━━━ Data to examine ━━━
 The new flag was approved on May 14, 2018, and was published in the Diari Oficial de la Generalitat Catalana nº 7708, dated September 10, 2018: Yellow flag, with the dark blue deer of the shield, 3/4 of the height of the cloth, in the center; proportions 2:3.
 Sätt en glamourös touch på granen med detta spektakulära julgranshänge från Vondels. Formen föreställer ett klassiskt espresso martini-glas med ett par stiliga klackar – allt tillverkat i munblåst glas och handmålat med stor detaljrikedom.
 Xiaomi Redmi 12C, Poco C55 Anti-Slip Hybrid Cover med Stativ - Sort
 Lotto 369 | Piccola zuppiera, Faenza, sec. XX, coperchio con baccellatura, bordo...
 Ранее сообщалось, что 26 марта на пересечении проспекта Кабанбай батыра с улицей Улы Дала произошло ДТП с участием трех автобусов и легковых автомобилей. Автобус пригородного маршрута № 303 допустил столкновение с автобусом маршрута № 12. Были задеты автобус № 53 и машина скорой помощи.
━━━
━━━ Data to examine ━━━
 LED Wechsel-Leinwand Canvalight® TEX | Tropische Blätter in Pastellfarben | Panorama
━━━
━━━ Data to examine ━━━
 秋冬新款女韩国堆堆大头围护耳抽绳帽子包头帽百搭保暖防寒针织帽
━━━
#### Assignment:
Each line in the listing above from the one containing "Xiaomi Redmi 12C, Poco" through the one containing "Ранее сообщалось, что" should be repeated exactly, and no other line.

#### Solution to this exercise:
 Xiaomi Redmi 12C, Poco C55 Anti-Slip Hybrid Cover med Stativ - Sort
 Lotto 369 | Piccola zuppiera, Faenza, sec. XX, coperchio con baccellatura, bordo...
 Ранее сообщалось, что 26 марта на пересечении проспекта Кабанбай батыра с улицей Улы Дала произошло ДТП с участием трех автобусов и легковых автомобилей. Автобус пригородного маршрута № 303 допустил столкновение с автобусом маршрута № 12. Были задеты автобус № 53 и машина скорой помощи.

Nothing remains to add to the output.